- PROBLEM TO SOLVE:
From the listing below, reproduce exactly the lines starting with the one with "FOKUS-THEMEN Neues Hauptaufgabenfeld" and going on through the one with "Imatrikulace prvních ročníků", both ends kept. No picture is copied.

- COLLECTED MATERIAL:
####

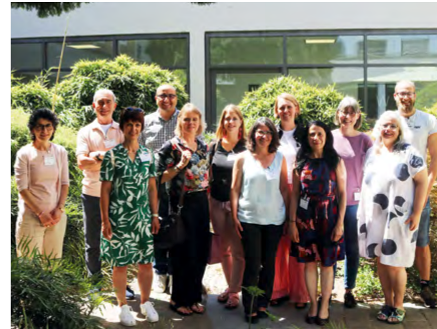
Ein Teil der hessischen MBE Beraterinnen bei der Fachtagung Süd im Juni vergangenen Jahres . Der Fachtag, zu dem der Bundesverband eingeladen hatte, diente dem fachlichen Austausch, der Vernetzung sowie der Information und wurde durch verschiedene Workshops ergänzt

FOKUS-THEMEN Neues Hauptaufgabenfeld | Stärkung von Ehrenamt und Übergängen in Regelangebote | Mehr Repräsentation im Verband
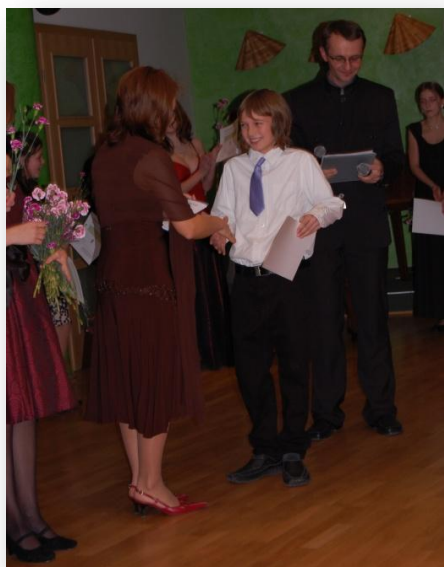
Imatrikulace prvních ročníků

V tomto školním roce se uskutečnily tři výjezdy do zahraničí. Prvním byl výměnný pobyt našich studentů se studenty v německém Markredwitzu, vzájemnými návštěvami jsme zahájili partnerství se školou ve francouzském Lyonu a do třetice jsme zorganizovali poznávací zájezd do Velké Británie. Konal se další karneval, lyžařský a poprvé environmentální kurz na Rýchorách. Před Vánocemi byli imatrikulováni naši současní maturanti, tedy studenti 8.A. Leden 2008 jsme si zpestřili novoročním basketbalovým turnajem. Týmy společně utvořili studenti, učitelé a rodiče. Na zahradní slavnosti se předvedli v tanečním vystoupení chlapci z tercie a sekundy, kdy na píseň Touha od Daniela Landy vyjádřili svá dětská přání a tužby.

####

- THE COMPLETED TASK:
FOKUS-THEMEN Neues Hauptaufgabenfeld | Stärkung von Ehrenamt und Übergängen in Regelangebote | Mehr Repräsentation im Verband
Imatrikulace prvních ročníků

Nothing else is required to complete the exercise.